_Task to carry out_
The records below must be reproduced exactly, excluding any pictures.
────
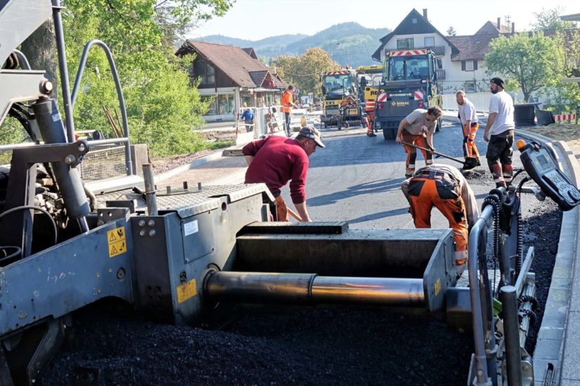 Gestern begann die Firma Reif mit einem großen Aufgebot an Mitarbeitern und Maschinen das Teilstück Ochsen/Ochsenmühle bis hinauf zur Apotheke zu asphaltieren. Das wird bestimmt alle freuen: Schon im Laufe der nächsten Woche kann der Verkehr wieder wie eh und je und über ein Jahr früher als geplant über die Rösslebrücke laufen. Allerdings für eine Woche mit Ampel, weil der Bereich Apotheke ausgebaut und gepflastert werden muss.
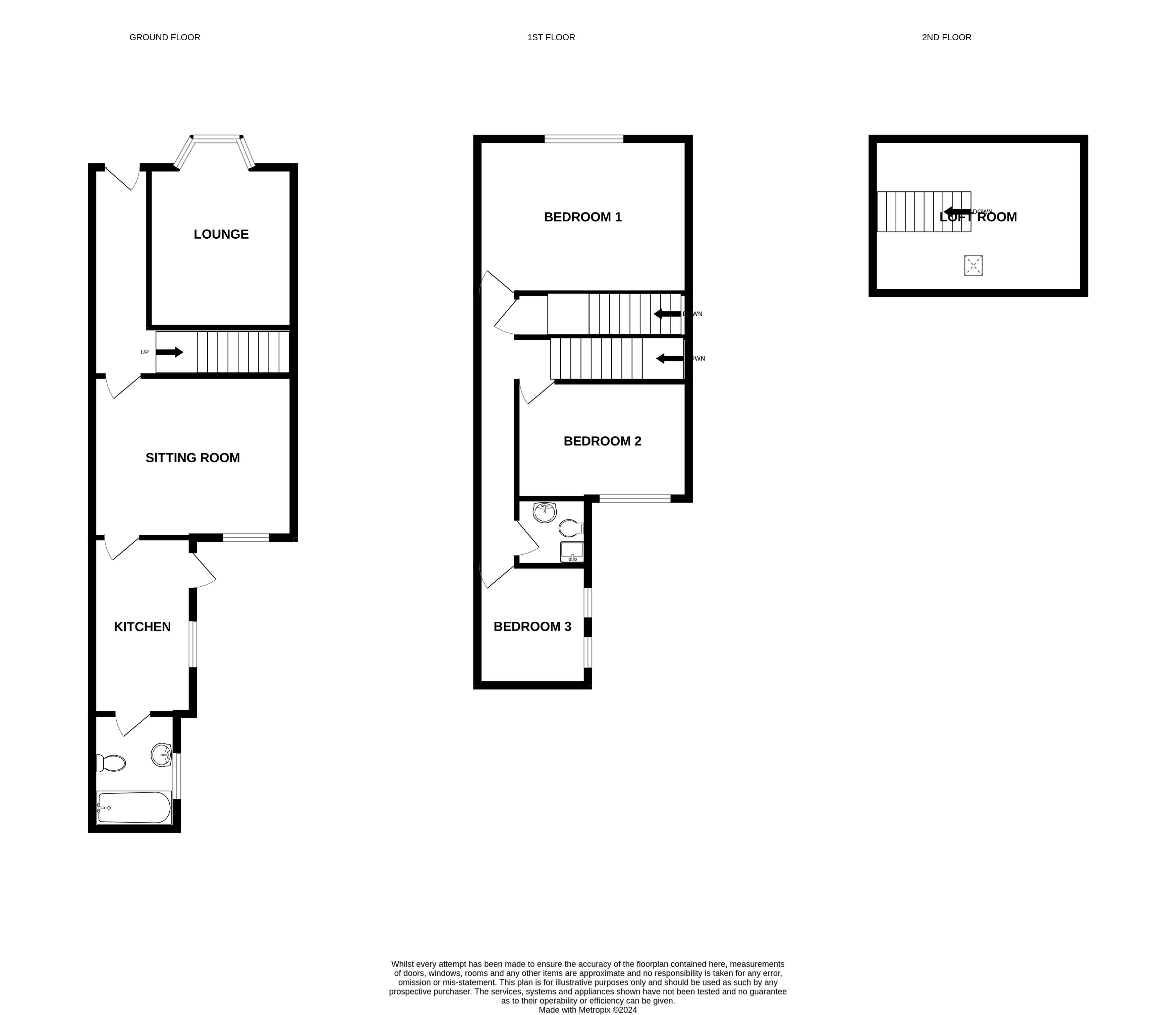 First Floor Landing and access to loft room., Bedroom 1 4.65m x 3.52m, Bedroom 2 3.73m x 2.86m, Bedroom 3 2.40m x 2.20m, Shower room 1.73m x 1.44m. Loft Room 4.07m x 3.03m
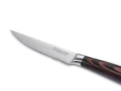 - Рукоятки ножей изготовлены из композита Pakka wood, который получают путем смешивания и последующего прессования под высоким давлением слоев древесного шпона со смолами и красителями. Процесс стабилизации обеспечивает готовому материалу высокую прочность, водонепроницаемость, устойчивость к механическом повреждениям и температурным воздействиям.
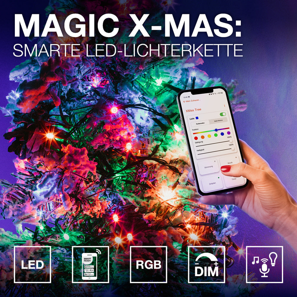 FARBIGE LICHTSHOW - Die MAGIC RGB LEDs ermöglichen beeindruckende Lichtmuster, indem jede LED mehrere Farben gleichzeitig anzeigen kann, ideal für Fest- und Feierdekorationen mit 200 MAGIC LEDs.
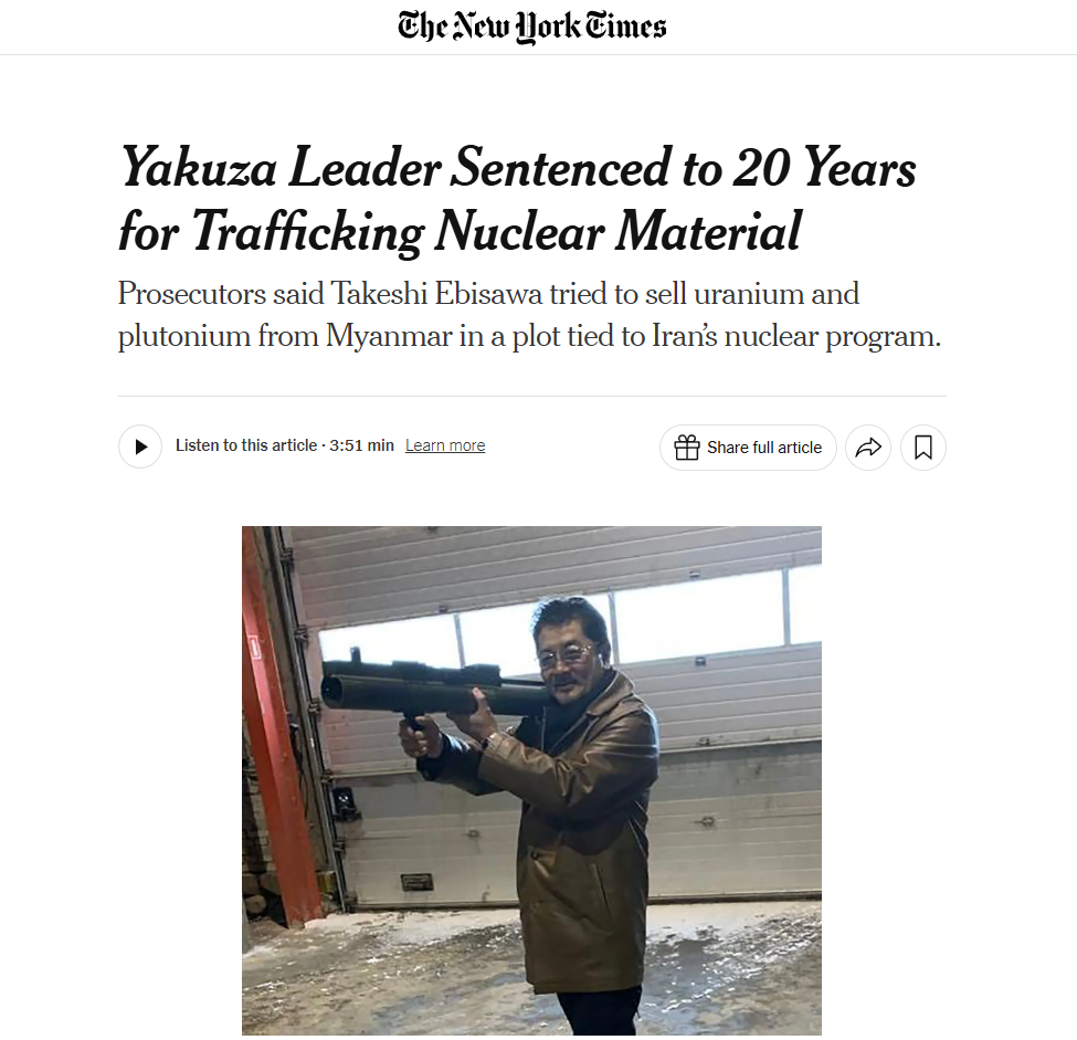 “Takeshi Ebisawa has been held accountable for his crimes, including an attempt to sell weapons-grade plutonium to Iran and to flood New York with deadly narcotics,” said ((((John Eisenberg)))), the assistant attorney-general for national security.
────
_Output for this task_
 Gestern begann die Firma Reif mit einem großen Aufgebot an Mitarbeitern und Maschinen das Teilstück Ochsen/Ochsenmühle bis hinauf zur Apotheke zu asphaltieren. Das wird bestimmt alle freuen: Schon im Laufe der nächsten Woche kann der Verkehr wieder wie eh und je und über ein Jahr früher als geplant über die Rösslebrücke laufen. Allerdings für eine Woche mit Ampel, weil der Bereich Apotheke ausgebaut und gepflastert werden muss.
 First Floor Landing and access to loft room., Bedroom 1 4.65m x 3.52m, Bedroom 2 3.73m x 2.86m, Bedroom 3 2.40m x 2.20m, Shower room 1.73m x 1.44m. Loft Room 4.07m x 3.03m
 - Рукоятки ножей изготовлены из композита Pakka wood, который получают путем смешивания и последующего прессования под высоким давлением слоев древесного шпона со смолами и красителями. Процесс стабилизации обеспечивает готовому материалу высокую прочность, водонепроницаемость, устойчивость к механическом повреждениям и температурным воздействиям.
 FARBIGE LICHTSHOW - Die MAGIC RGB LEDs ermöglichen beeindruckende Lichtmuster, indem jede LED mehrere Farben gleichzeitig anzeigen kann, ideal für Fest- und Feierdekorationen mit 200 MAGIC LEDs.
 “Takeshi Ebisawa has been held accountable for his crimes, including an attempt to sell weapons-grade plutonium to Iran and to flood New York with deadly narcotics,” said ((((John Eisenberg)))), the assistant attorney-general for national security.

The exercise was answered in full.